In the end, I really don't know, but population control is something I have struggled with over the last few years; not that I have plans for a family at this point in my life, but that idea for the future is always nice, and yet ridden with guilt because of the above concerns.

Thanks Phil for continuing the debate, and sorry for the long comment.

sattler said...

I appreciate the long comment. Population should certainly be out of the closet as an issue. I'm pitching for a shared solution, though. This is an issue where Anabaptists could have a major contribution to make.

Tim Chesterton said...

The provision of good health care doesn't necessarily take away the impetus to have more kids. Health care has to be paid for by someone. In Canada we're now told that with the baby boomers at retirement age and the next generation having smaller families, the ratio of taxpayers to health-care consumers is going down to a potentially unsustainable level.

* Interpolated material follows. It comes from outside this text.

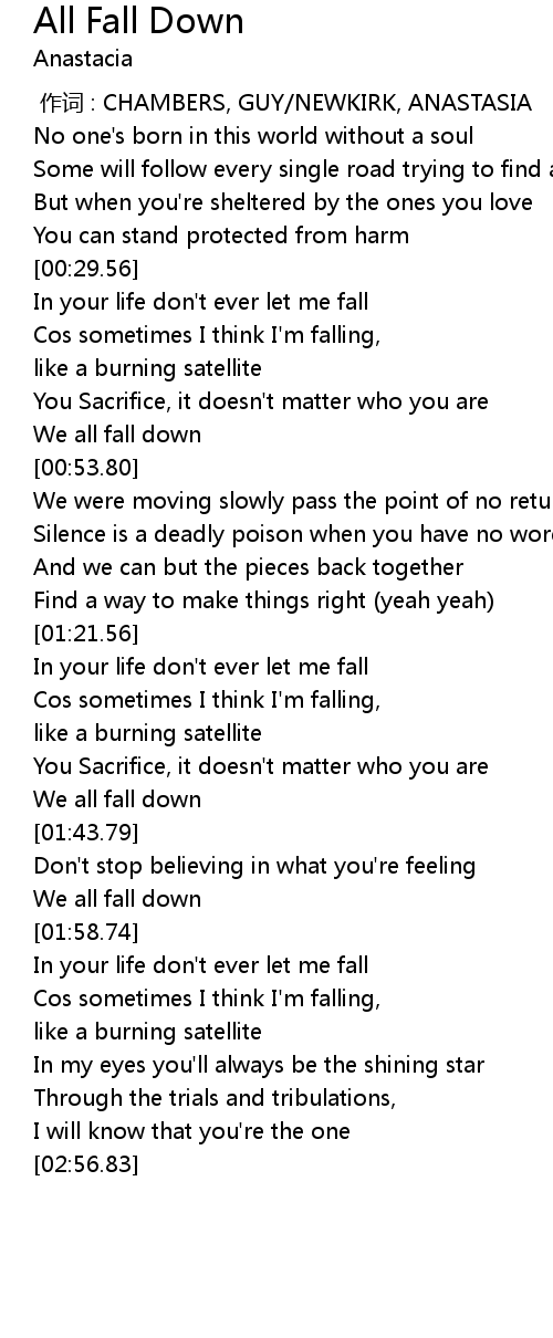 | [00:00.00] | 作词 : CHAMBERS, GUY/NEWKIRK, ANASTASIA |

I have four adult taxpaying kids so I've done my bit. Do I get a tax break?!

sattler said...

Back in the UK we're looking at a steep population increase, partly driven by migration. I'm very cautious about the politics of this because the figures are feeding into racism and xenophobia. There are still a few places in the UK where a few more people would be handy. I seem to remember them advertising for incomers in Shetland a while back.